FecTek: Enhancing Term Weight in Lexicon-Based Retrieval with Feature Context and Term-level Knowledge
Zunran Wang, Zhonghua Li, Wei Shen, Qi Ye, Liqiang Nie
TL;DR
FecTek tackles two key gaps in lexicon-based retrieval: enriching term weight with feature-context representations and introducing term-level knowledge guidance. It introduces the Feature Context Module (FCM) and Term-level Knowledge Guidance Module (TKGM) atop a BERT backbone, combining text-level contrastive learning with term-level supervision to produce improved term weights stored in an inverted index. Empirical results on MS MARCO show state-of-the-art performance for lexicon-based retrieval (MRR@10 up to 38.2 without distillation and up to 39.2 with distillation), outperforming several dense-vector retrievers. The approach demonstrates robust gains and offers practical benefits when integrated with reranker-based distillation, highlighting the value of combining feature-context and term-level knowledge in lexical retrieval pipelines.
Abstract
Lexicon-based retrieval has gained siginificant popularity in text retrieval due to its efficient and robust performance.
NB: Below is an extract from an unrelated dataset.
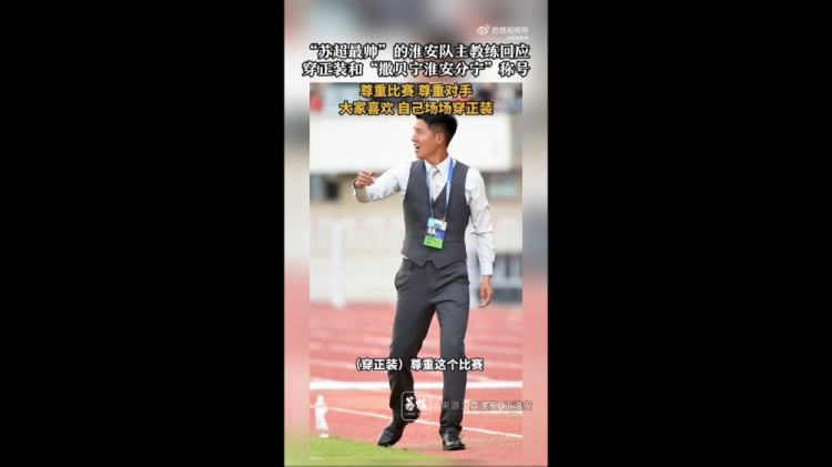 6月19日讯 在谈到身着正装指挥比赛时,苏超淮安队主帅董松表示,他尊重比赛也尊重对手。据荔枝新闻报道,苏超淮安队主帅董松...

To further enhance performance of lexicon-based retrieval, researchers have been diligently incorporating state-of-the-art methodologies like Neural retrieval and text-level contrastive learning approaches. Nonetheless, despite the promising outcomes, current lexicon-based retrieval methods have received limited attention in exploring the potential benefits of feature context representations and term-level knowledge guidance. In this paper, we introduce an innovative method by introducing FEature Context and TErm-level Knowledge modules(FecTek). To effectively enrich the feature context representations of term weight, the Feature Context Module (FCM) is introduced, which leverages the power of BERT's representation to determine dynamic weights for each element in the embedding. Additionally, we develop a term-level knowledge guidance module (TKGM) for effectively utilizing term-level knowledge to intelligently guide the modeling process of term weight. Evaluation of the proposed method on MS Marco benchmark demonstrates its superiority over the previous state-of-the-art approaches.